Meski diberi perpanjangan waktu dua bulan dari 24 Juni, tak sampai 10 persen merek rokok yang mencantumkan peringatan kesehatan bergambar pada bungkusnya.
Badan Pengawas Obat dan Makanan (BPOM) diminta berani menindak tegas. "BPOM harus berani bertindak dan cepat. Perpanjangan dua bulan ini menunjukkan kelemahan pemerintah," kata Ketua Asosiasi Pengacara Indonesia pada Pengendalian Tembakau Muhammad Joni, Rabu (17/9).
Dari 3.363 merek rokok yang terdaftar di BPOM hingga 11 September, baru 269 merek yang mencantumkan peringaatan kesehatan bergambar pada kemasannya. Jumlah merek itu berasal dari 67 industri rokok.
Saat ini, industri rokok di Indonesia tercatat 660 perusahaan. Tanpa ada gerakan dari BPOM, pelarangan yang dilakukan industri rokok itu tak akan mendapat sanksi. Padahal Pasal 114 UU No 36/2009 tentang Kesehatan menyebutkan, setiap orang yang memproduksi atau memasukkan rokok ke wilayah Indonesia wajib mencantumkan peringatan kesehatan.
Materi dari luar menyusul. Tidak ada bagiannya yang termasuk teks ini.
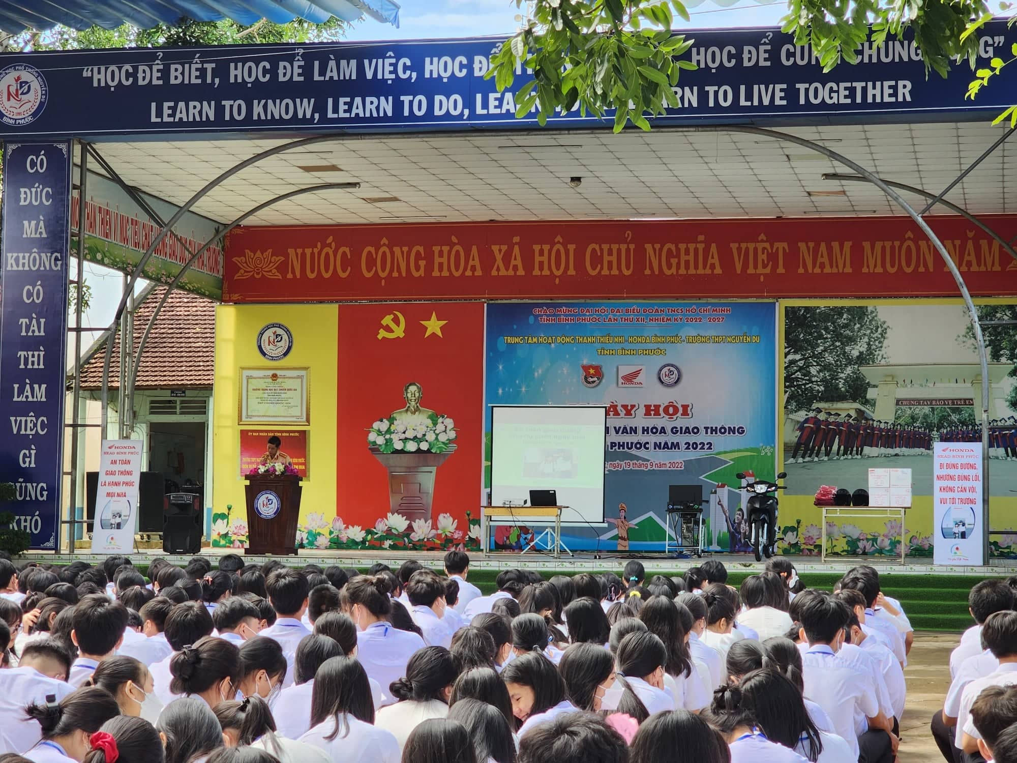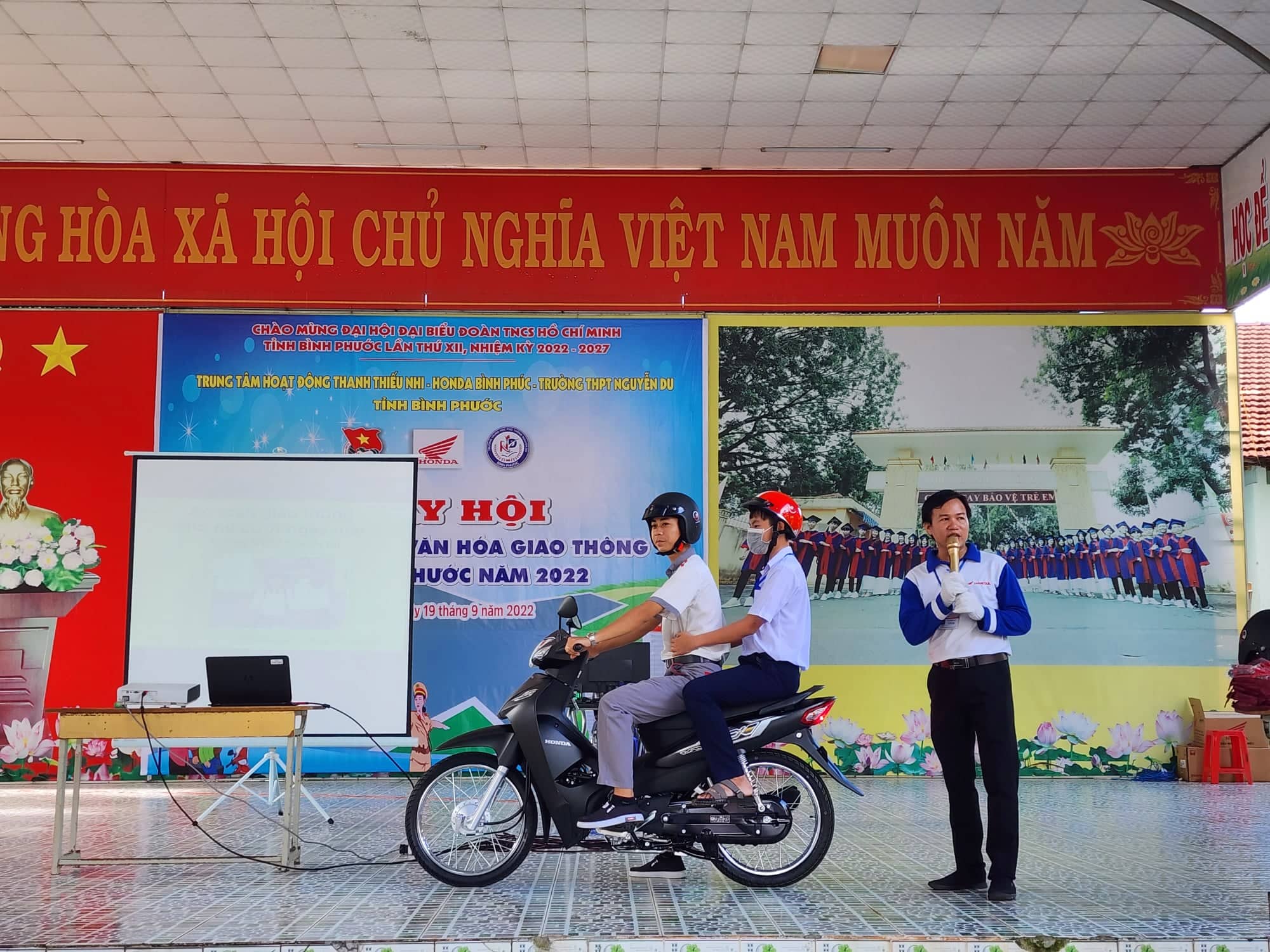 Sáng nay, ngày 19/09/2022, tại trường THPT Nguyễn Du, Được sự cho phép của Ban giám hiệu nhà Trường, HEAD Bình Phúc kết hợp với Phòng CSGT Công An tỉnh Bình Phước & Trung Tâm Hoạt Động Thanh Thiếu Nhi đã phối hợp tổ chức chương trình tuyên truyền “NGÀY HỘI THANH NIÊN VỚI VĂN HÓA GIAO THÔNG 2022”.

Penasihat Kebijakan Senior dari Aliansi Pengendalian Tembakau se-Asia Tenggara Mary Assunta mengungkap, ketidaktegasan pemerintah itu dimanfaatkan oleh industri rokok.
Berdasarkan survei di daerah, dua daerah dengan industri rokok terbesar yaitu Jawa Tengah dan Jawa Timur, kepatuhan penerapannya masih rendah. Di Semarang, jumlah produk yang mencatumkannya 49 persen. Di Surabaya 50 persen.
DKI Jakarta tercatat menjadi terendah dalam kepatuhan penerapan ini, 37 persen.